LISTED RECORDS
Segment Open

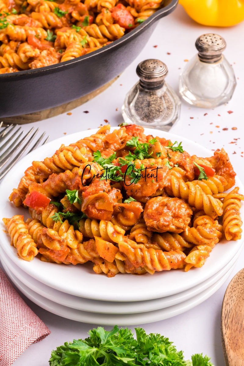 This chicken and chorizo pasta is full of flavor with onions, bell peppers, Italian seasoning, garlic, and parmesan cheese. This is a recipe that the whole family will love even your picky eaters. If you need a special dinner with the family or one for when having friends over this pasta is it. The creamy tomato-based sauce is beyond flavorful with the spicy chorizo.
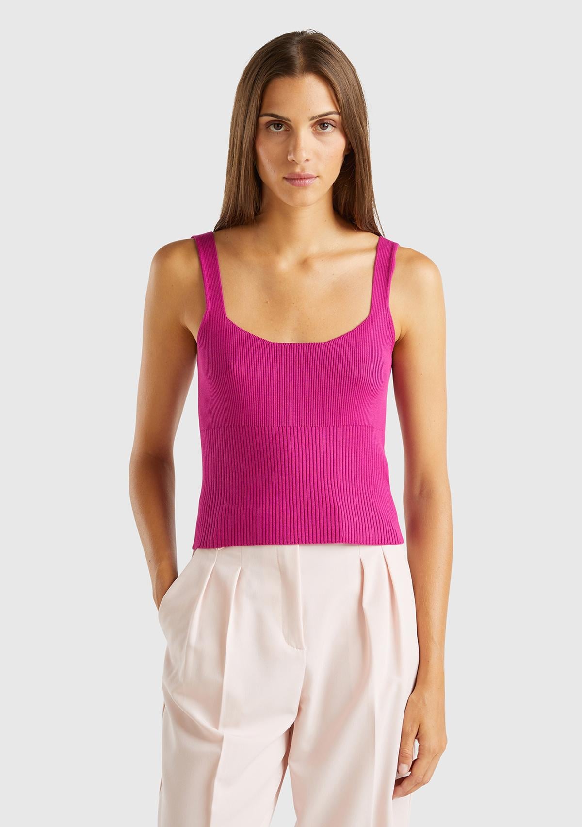 Kadın Fuşya Viskoz Karışımlı Nervür Detaylı Kare Yaka Askılı Üst
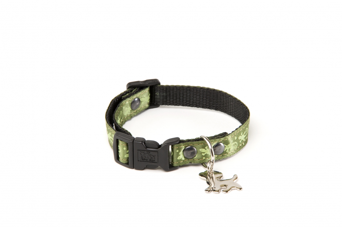 Taille S - largeur 15mm Longueur 25 à 40cm. Ruban monté sur sangle. Rivet double tête. Boucle auto-bloquante en PVC. Pendentif. Fabriqué en France.
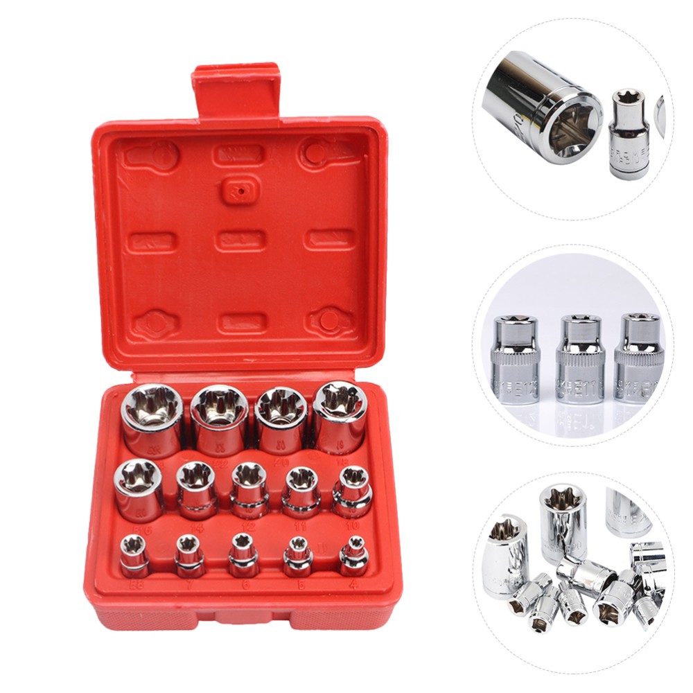 14 Pcs/Set Hexagonal Plum Blossom Sleeve Socket with Storage Steel Sockets Kit
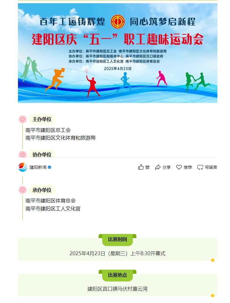 為慶祝中華全國總工會成立100周年,大力弘揚勞動精神、勞模精神和工匠精神,營造“勞動最光榮、勞動最崇高、勞動最偉大、勞動最美麗”的濃厚氛圍,展示我區職工隊伍積極向上的精神面貌,助力文旅產業賦能鄉村振興,落實“迎賓客引人流,促消費促發展”工作部署,乘著全省文旅經濟發展大會成功召開的東風,推介“八閩研學休閑第一村——馬伏”,經研究決定,由區總工會和區文旅局主辦的2025年慶 "五一"職工趣味運動會將于2025年4月23日(星期三)在莒口鎮馬伏村熹云灣歡樂開賽!
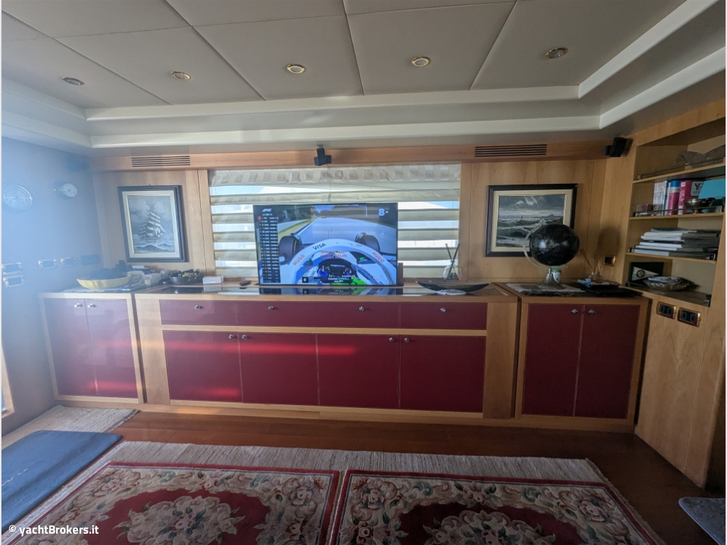 Il Riva 85 Opera è una icona di eleganza e prestazioni. Con una lunghezza fuori tutto di 26 metri, ma con omologazione sotto i 24, offre tutti i vantaggi di un superyacht restando nella categoria delle imbarcazioni da diporto. Questa rara versione a tre cabine e tre bagni è pensata per l?armatore che mette il comfort e la privacy al primo posto. La suite armatoriale, a tutta larghezza, è un vero e proprio appartamento sul mare, arricchito da uno studio privato per lavorare o rilassarsi in totale riservatezza. La cabina VIP e la cabina doppia, entrambe con bagno ensuite, garantiscono agli ospiti degli spazi generosi e finiture di pregio, offrendo un livello di abitabilità e comfort che le configurazioni a quattro cabine non possono eguagliare. Il grande salone, luminoso e curato nei minimi dettagli, conduce ad una galley separata a prua, con accesso latarale per il personale di bordo. Sul Fly, ampio e ben curato, trovano spazio l?area comando, una grande dinette coperta ed un?area relax a poppa. Questo Riva 85 Opera rappresenta l?essenza dello yachting privato di alta gamma: pochi ospiti, spazi generosi, privacy assoluta e il fascino intramontabile del design Riva.
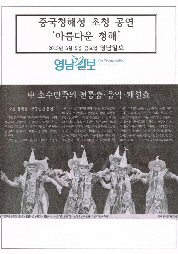 2015.06.05 영남일보) 중국청해성 초청 공연 페이지 정보 작성자 중국문화원 작성일15-06-11 09:36 조회2,630회 댓글0건 이전글 다음글 본문 영남일보 댓글목록 등록된 댓글이 없습니다. 이전글 다음글
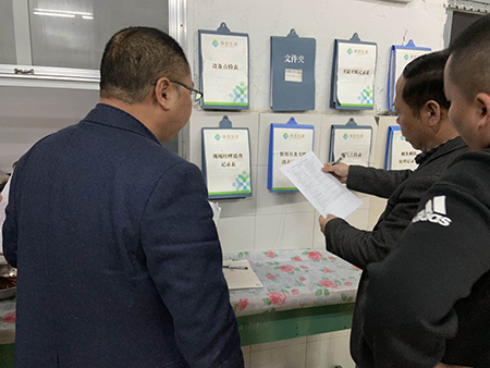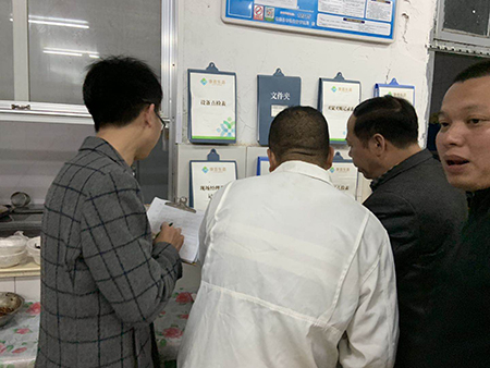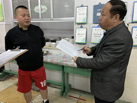 陈华亿校长带领检查组人员先认真查看了食堂环境、设施设备的使用情况及员工们的规范操作情况,逐一检查了销货清单、食品卫生管理台账、食堂工作人员健康证等。
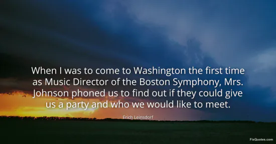 Leinsdorf, Erich. "When I was to come to Washington the first time as Music Director of the Boston Symphony, Mrs. Johnson phoned us to find out if they could give us a party and who we would like to meet." FixQuotes. January 16, 2026. https://fixquotes.com/quotes/when-i-was-to-come-to-washington-the-first-time-120211/.
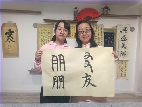 原来,在2018年10月,东方小学的联谊活动项目组拍摄了一个关于“汉字的演变”的视频。在视频中,东方小学已毕业的老校友苏励闻同学和她的妈妈包培莉女士用流利的英语介绍了中国的文房四宝和其用途,并借助“朋友”二字的不同书法体向英国小朋友展示了书法的魅力,“朋友”二字蕴含着中英两校的同学们能够成为好朋友,相互交流、相互帮助,长长久久地影响着对方,共同进步。
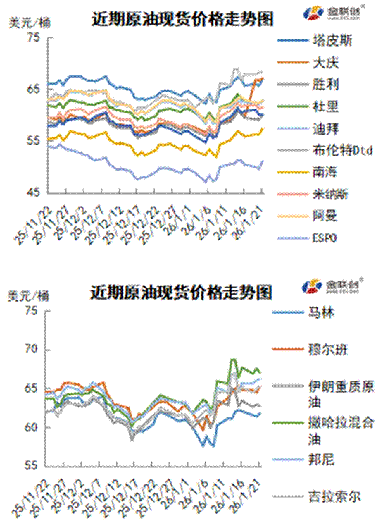 金联创预计下周(1.22-1.28),严寒天气正对馏分油需求形成提振作用,且地缘政治的不确定性仍对油市有所支撑。特朗普取消因格陵兰岛主权问题对欧洲八国征收关税,在很大程度上缓解了贸易紧张情绪。综合来看,下周国际原油价格或以震荡小涨为主。
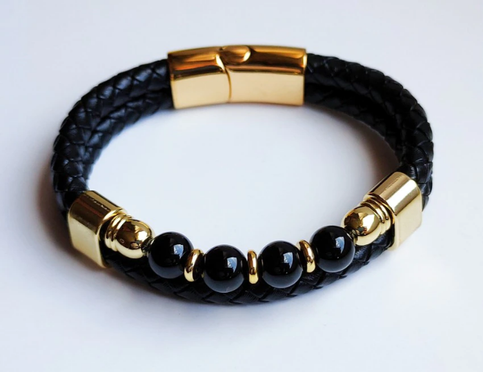 Pulseira de couro unissex de pedras
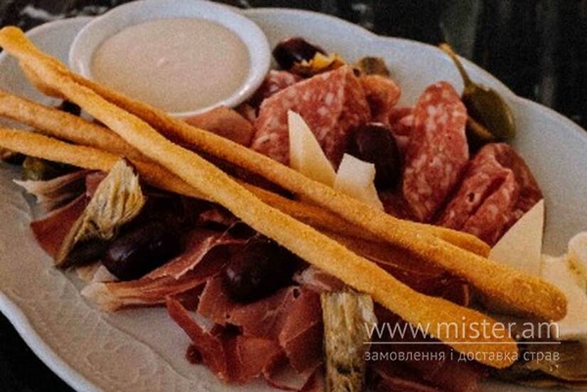 Мікс антипасто на двох - Прошуто Крудо, тунцовий соус Вітелло Тоннато, грисині власної пекарні, сир Пекоріно Романо, артишоки-гриль, салямі Мілано, в`ялені томати.
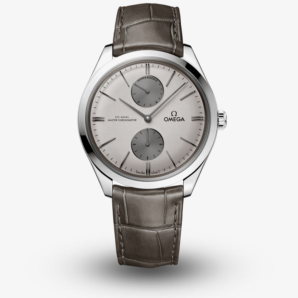 The OMEGA 435.13.40.22.06.001 De Ville watch combines a 40mm round-shaped stainless steel case and a grey textured leather strap with a traditional buckle. It has a small seconds dial and a power reserve dial set within a silvery analogue dial which is protected beneath domed sapphire crystal glass with a NAIAD Lock case back, featuring 18ct white gold domed time markers. Power is generated by Certified Master Chronometer self-winding automatic movement with Co-Axial Master Chronometer Calibre 8934 movement. This model also has a water resistance of up to 30 metres with a 72-hour power reserve.

Segment Closed

WHAT THE TASK REQUIRES
Your answer must be an exact transcription of the records above, minus the pictures.

WRITTEN SOLUTION
 This chicken and chorizo pasta is full of flavor with onions, bell peppers, Italian seasoning, garlic, and parmesan cheese. This is a recipe that the whole family will love even your picky eaters. If you need a special dinner with the family or one for when having friends over this pasta is it. The creamy tomato-based sauce is beyond flavorful with the spicy chorizo.
 Kadın Fuşya Viskoz Karışımlı Nervür Detaylı Kare Yaka Askılı Üst
 Taille S - largeur 15mm Longueur 25 à 40cm. Ruban monté sur sangle. Rivet double tête. Boucle auto-bloquante en PVC. Pendentif. Fabriqué en France.
 14 Pcs/Set Hexagonal Plum Blossom Sleeve Socket with Storage Steel Sockets Kit
 為慶祝中華全國總工會成立100周年,大力弘揚勞動精神、勞模精神和工匠精神,營造“勞動最光榮、勞動最崇高、勞動最偉大、勞動最美麗”的濃厚氛圍,展示我區職工隊伍積極向上的精神面貌,助力文旅產業賦能鄉村振興,落實“迎賓客引人流,促消費促發展”工作部署,乘著全省文旅經濟發展大會成功召開的東風,推介“八閩研學休閑第一村——馬伏”,經研究決定,由區總工會和區文旅局主辦的2025年慶 "五一"職工趣味運動會將于2025年4月23日(星期三)在莒口鎮馬伏村熹云灣歡樂開賽!
 Il Riva 85 Opera è una icona di eleganza e prestazioni. Con una lunghezza fuori tutto di 26 metri, ma con omologazione sotto i 24, offre tutti i vantaggi di un superyacht restando nella categoria delle imbarcazioni da diporto. Questa rara versione a tre cabine e tre bagni è pensata per l?armatore che mette il comfort e la privacy al primo posto. La suite armatoriale, a tutta larghezza, è un vero e proprio appartamento sul mare, arricchito da uno studio privato per lavorare o rilassarsi in totale riservatezza. La cabina VIP e la cabina doppia, entrambe con bagno ensuite, garantiscono agli ospiti degli spazi generosi e finiture di pregio, offrendo un livello di abitabilità e comfort che le configurazioni a quattro cabine non possono eguagliare. Il grande salone, luminoso e curato nei minimi dettagli, conduce ad una galley separata a prua, con accesso latarale per il personale di bordo. Sul Fly, ampio e ben curato, trovano spazio l?area comando, una grande dinette coperta ed un?area relax a poppa. Questo Riva 85 Opera rappresenta l?essenza dello yachting privato di alta gamma: pochi ospiti, spazi generosi, privacy assoluta e il fascino intramontabile del design Riva.
 2015.06.05 영남일보) 중국청해성 초청 공연 페이지 정보 작성자 중국문화원 작성일15-06-11 09:36 조회2,630회 댓글0건 이전글 다음글 본문 영남일보 댓글목록 등록된 댓글이 없습니다. 이전글 다음글
 陈华亿校长带领检查组人员先认真查看了食堂环境、设施设备的使用情况及员工们的规范操作情况,逐一检查了销货清单、食品卫生管理台账、食堂工作人员健康证等。
 Leinsdorf, Erich. "When I was to come to Washington the first time as Music Director of the Boston Symphony, Mrs. Johnson phoned us to find out if they could give us a party and who we would like to meet." FixQuotes. January 16, 2026. https://fixquotes.com/quotes/when-i-was-to-come-to-washington-the-first-time-120211/.
 原来,在2018年10月,东方小学的联谊活动项目组拍摄了一个关于“汉字的演变”的视频。在视频中,东方小学已毕业的老校友苏励闻同学和她的妈妈包培莉女士用流利的英语介绍了中国的文房四宝和其用途,并借助“朋友”二字的不同书法体向英国小朋友展示了书法的魅力,“朋友”二字蕴含着中英两校的同学们能够成为好朋友,相互交流、相互帮助,长长久久地影响着对方,共同进步。
 金联创预计下周(1.22-1.28),严寒天气正对馏分油需求形成提振作用,且地缘政治的不确定性仍对油市有所支撑。特朗普取消因格陵兰岛主权问题对欧洲八国征收关税,在很大程度上缓解了贸易紧张情绪。综合来看,下周国际原油价格或以震荡小涨为主。
 Pulseira de couro unissex de pedras
 Мікс антипасто на двох - Прошуто Крудо, тунцовий соус Вітелло Тоннато, грисині власної пекарні, сир Пекоріно Романо, артишоки-гриль, салямі Мілано, в`ялені томати.
 The OMEGA 435.13.40.22.06.001 De Ville watch combines a 40mm round-shaped stainless steel case and a grey textured leather strap with a traditional buckle. It has a small seconds dial and a power reserve dial set within a silvery analogue dial which is protected beneath domed sapphire crystal glass with a NAIAD Lock case back, featuring 18ct white gold domed time markers. Power is generated by Certified Master Chronometer self-winding automatic movement with Co-Axial Master Chronometer Calibre 8934 movement. This model also has a water resistance of up to 30 metres with a 72-hour power reserve.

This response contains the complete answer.